Drop above predictors

# drop columns which have high correlation to some other column
m_predictors2 <- m_predictors[,-highcorrcols]
dim(m_predictors2)

## [1] 176  47

print(paste("Remaining number of predictor columns: ", ncol(m_predictors2)))

## [1] "Remaining number of predictor columns:  47"

Correlation Plot of reduced predictors

correl7 <- cor(m_predictors2) 
# determinant is (barely) nonzero
print(paste("Determinant: ", det(correl7)))

## [1] "Determinant:  0.0000000000000000000000000000000000000672927803149675"
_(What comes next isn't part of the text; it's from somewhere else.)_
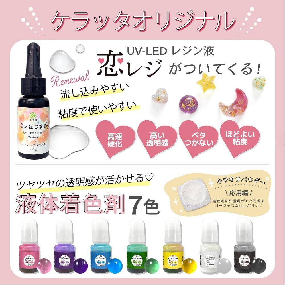 【オリジナルレジン液「恋レジ」付き】ケラッタのオリジナルレジン液「恋レジ」が付いてくる!透明度に自信、アクセサリー作りに特化したレジン液だから作ったアクセサリーがいつまでもかわいく、長持ちします!UV-LED対応だから付属のライトであっという間に硬化するのもうれしいポイント

# some columns are very similar to other columns.
maxcor7 <- round(max(correl7-diag(1,ncol(correl7),ncol(correl7))),5)
mincor7 <- round(min(correl7-diag(1,ncol(correl7),ncol(correl7))),5)
print(paste("Range of off-diag correlations: ", 
            paste0("[",mincor7,",",maxcor7,"]"), "on",ncol(correl7),"columns"))

## [1] "Range of off-diag correlations:  [-0.82847,0.87729] on 47 columns"

corrplot::corrplot(
  correl7,
  method = "circle",
  type = "upper",
  order = "hclust",
  tl.cex = 0.4,
  main = paste("\nClustered correlations of reduced predictors (ncol=",
               ncol(correl7),")")
)

Remove Near-Zero Variance predictors

predictors_nearZeroVarCols <- nearZeroVar(m_predictors2)
predictors_nTotalCols <- ncol(m_predictors2)
predictors_nDropCols <- length(predictors_nTotalCols)

print(paste("Number of NearZeroVar columns to be dropped:", 
            predictors_nDropCols, "out of", predictors_nTotalCols))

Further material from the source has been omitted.